Читаем Игра в классики полностью

— Оставь в покое Гераклита, — сказал Этьен. — Меня уже в сон клонит от всей этой белиберды, тем не менее я хочу сказать следующее, два момента: Морелли, похоже, убежден в том, что если писатель пойдет на поводу у языка, который ему продали вместе с бельем, что на нем надето, вместе с именем, вероисповеданием и гражданством, его произведения будут иметь лишь эстетическую ценность, ту самую, которую старик презирает чем дальше, тем больше. Он говорит об этом достаточно ясно: он считает, что невозможно обличать, находясь внутри системы, к которой принадлежит то, что он обличает. Выступать против капитализма с ментальным и словарным багажом, которые происходят из этого самого капитализма, — значит терять время. В качестве исторических результатов можно достигнуть марксизма или еще чего-нибудь на твой вкус, но Yonder — это не просто история, Yonder — это кончики пальцев, которые высовываются из воды, ища, за что зацепиться.

— Вздор, — сказал Перико.

— И потому писатель должен бросить язык в костер, покончить с устойчивыми формами и идти дальше, поставить под сомнение то, что этот язык вообще способен выразить его мысль. Покончить не со словами как таковыми, но с языковой структурой в целом как со структурой общения.

— Для чего, в общем-то, и пользуются языком более или менее понятным.

— Конечно, Морелли не верит ни в звукоподражание, ни в буквализмы. Речь не идет о том, чтобы заменить синтаксис автоматическим письмом или каким-нибудь другим расхожим трюком. Он хочет переступить через литературу как таковую, через книгу, если хочешь. Иногда через слово, иногда через то, что это слово передает. Он действует как партизан, взорвет, что сможет, остальное — как получится. Но, согласись, из этого не следует, что он не умеет писать.

— Вообще-то, уже пора домой, — сказала Бэбс, которой хотелось спать.

— Можешь говорить что хочешь, — упорствовал Перико, — однако ни одна революция не была направлена против существующих форм.

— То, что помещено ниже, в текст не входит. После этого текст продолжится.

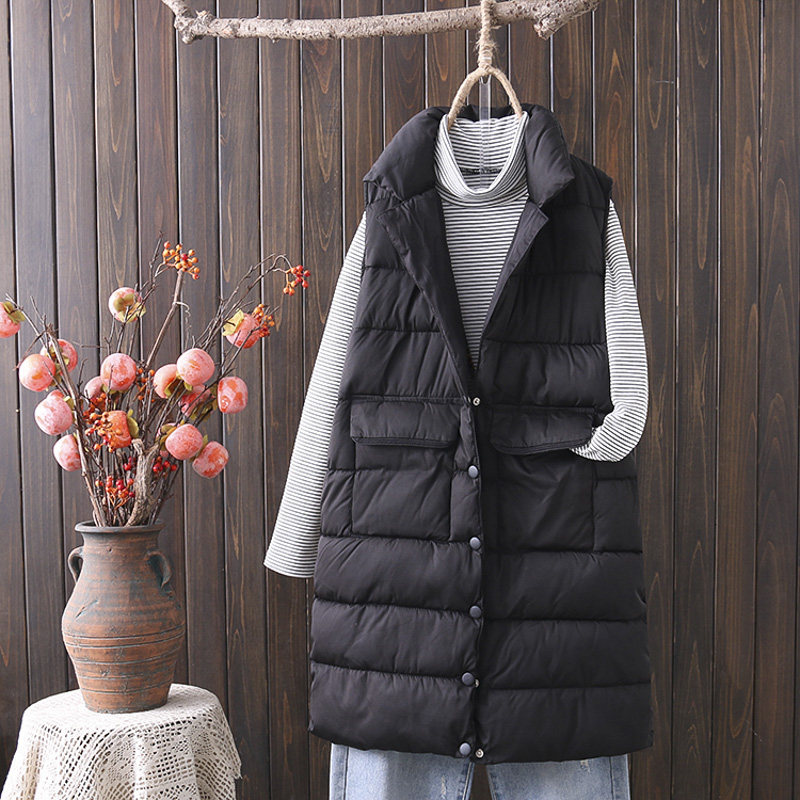 秋冬羽绒棉马甲女中长款新款韩版宽松立领坎肩背心百搭马夹外套女

Речь идет о содержании, приятель, о содержании.

— Мы столетиями тащим за собой содержательную литературу, — сказал Оливейра, — результат видите сами. Именно через литературу я понимаю, представь себе, все, что говорится и думается.

— Уже не говоря о том, что различия между формой и содержанием надуманны, — сказал Этьен. — Это давным-давно известно. Мы делаем различие между способом выражения, то есть языком как таковым, и тем, что он выражает, то есть существующей реальностью как следствием.

— Как тебе угодно, — сказал Перико. — Но мне-то хотелось бы знать вот что: это разрушение, на которое претендует Морелли, то есть разрушение того, что ты называешь способом выражения, во имя лучшего понимания того, что оно выражает, стоит ли это таких усилий?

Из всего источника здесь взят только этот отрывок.